Exercise
Print the records below exactly, from the line containing "Prior to hitting" down to the line containing "Postmodern Black Persian", both lines included, and omit every picture.

Data supplied section start

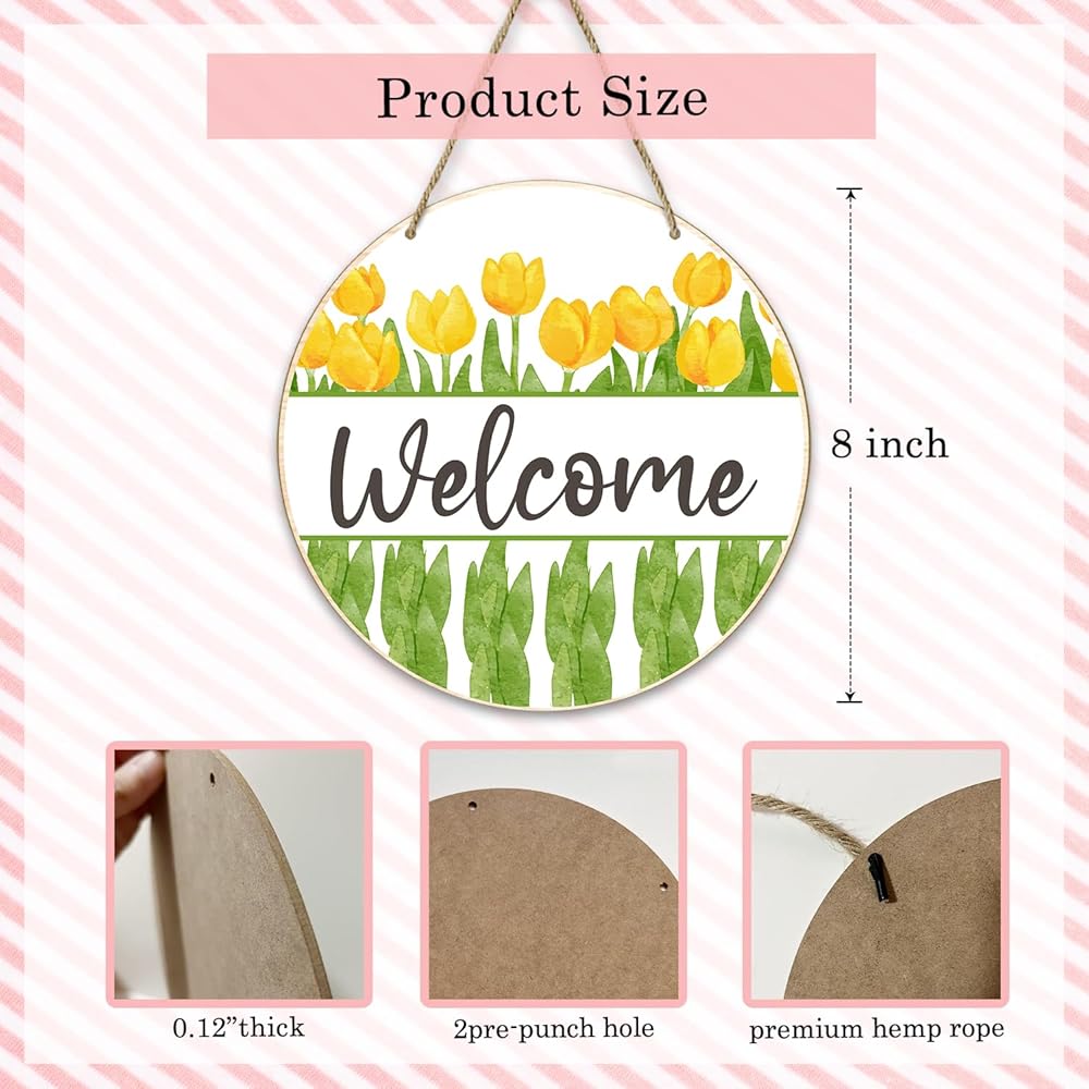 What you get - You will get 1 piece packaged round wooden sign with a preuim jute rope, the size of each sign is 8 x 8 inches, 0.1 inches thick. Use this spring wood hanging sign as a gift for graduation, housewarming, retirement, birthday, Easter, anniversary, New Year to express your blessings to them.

Data supplied section end
Data supplied section start

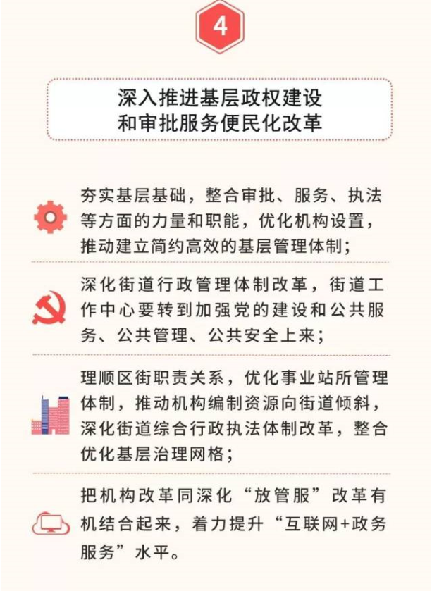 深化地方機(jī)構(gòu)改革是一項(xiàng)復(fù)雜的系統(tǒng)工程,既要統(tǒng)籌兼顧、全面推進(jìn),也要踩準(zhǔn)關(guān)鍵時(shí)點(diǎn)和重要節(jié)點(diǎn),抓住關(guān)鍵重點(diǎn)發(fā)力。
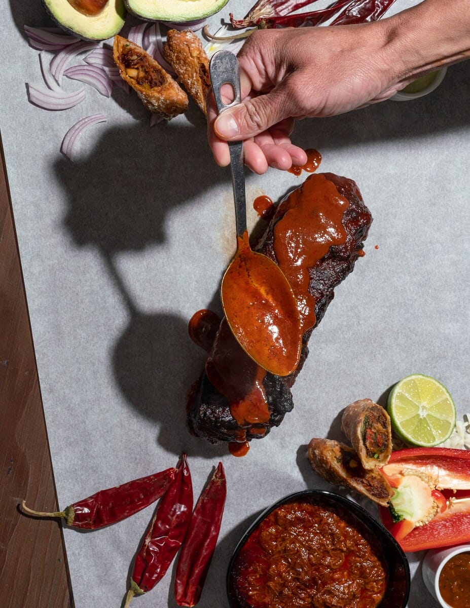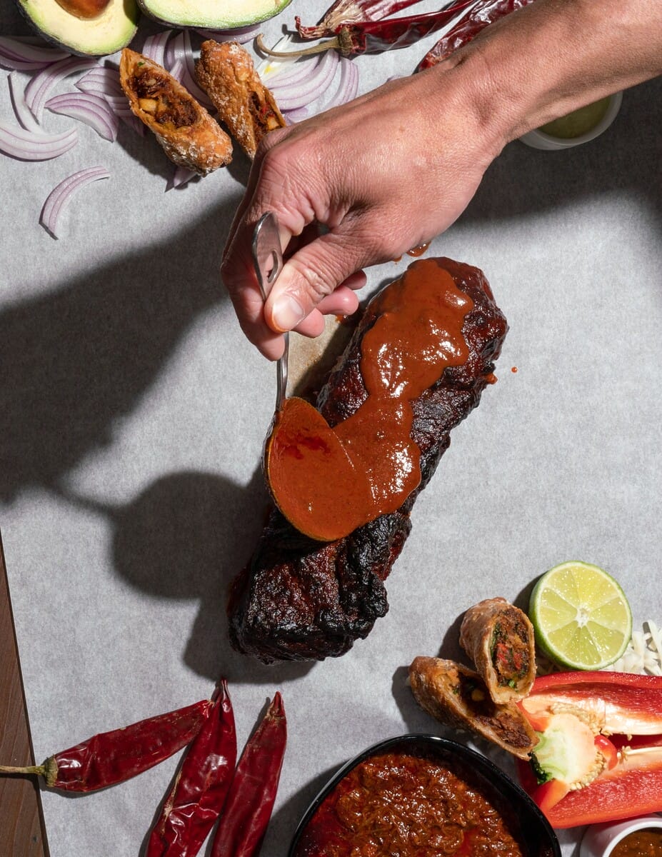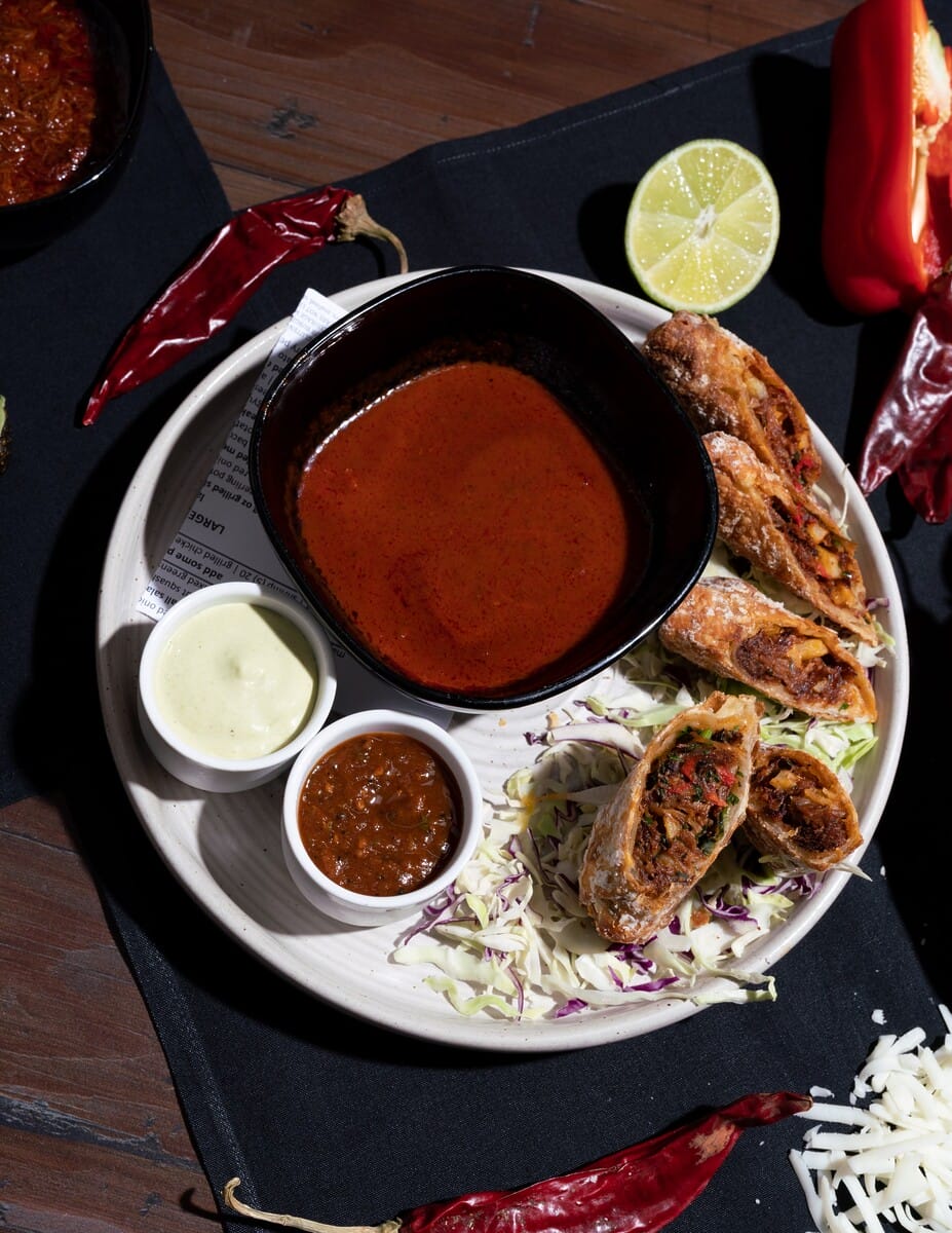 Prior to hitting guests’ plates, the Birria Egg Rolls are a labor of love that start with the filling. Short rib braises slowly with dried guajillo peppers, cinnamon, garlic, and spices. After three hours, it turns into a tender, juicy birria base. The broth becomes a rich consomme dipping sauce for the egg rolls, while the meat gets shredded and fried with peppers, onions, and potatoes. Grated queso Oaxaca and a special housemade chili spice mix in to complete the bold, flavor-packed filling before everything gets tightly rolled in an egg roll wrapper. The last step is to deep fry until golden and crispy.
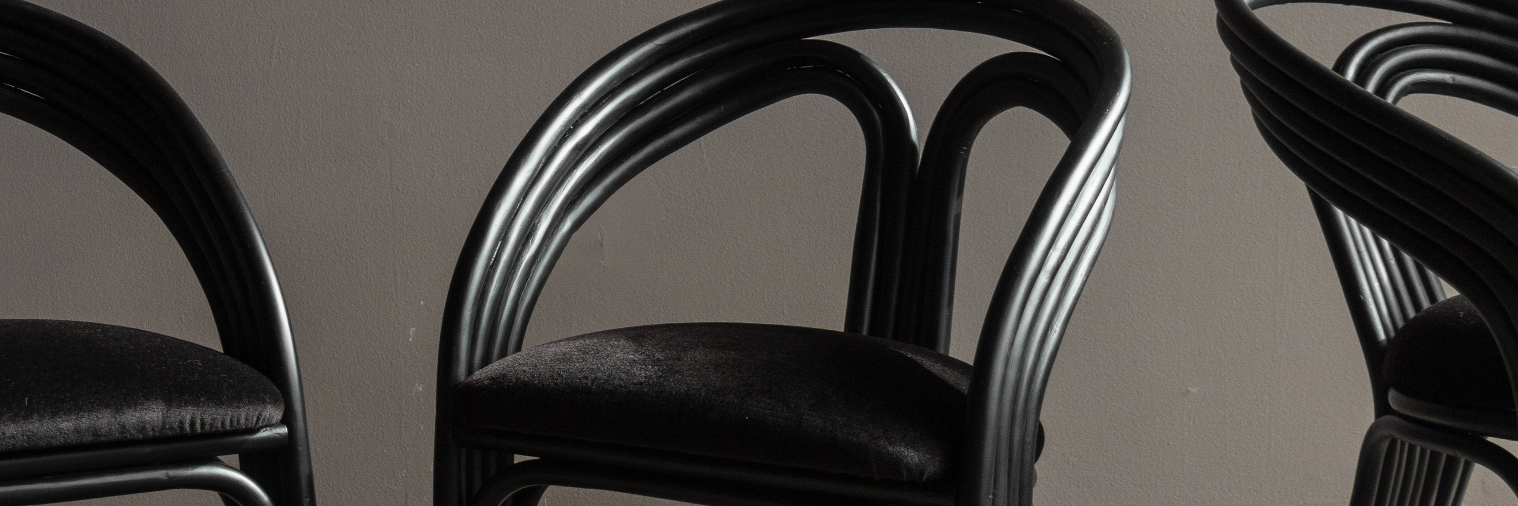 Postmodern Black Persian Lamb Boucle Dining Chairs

Data supplied section end

Reply to the exercise
 Prior to hitting guests’ plates, the Birria Egg Rolls are a labor of love that start with the filling. Short rib braises slowly with dried guajillo peppers, cinnamon, garlic, and spices. After three hours, it turns into a tender, juicy birria base. The broth becomes a rich consomme dipping sauce for the egg rolls, while the meat gets shredded and fried with peppers, onions, and potatoes. Grated queso Oaxaca and a special housemade chili spice mix in to complete the bold, flavor-packed filling before everything gets tightly rolled in an egg roll wrapper. The last step is to deep fry until golden and crispy.
 Postmodern Black Persian Lamb Boucle Dining Chairs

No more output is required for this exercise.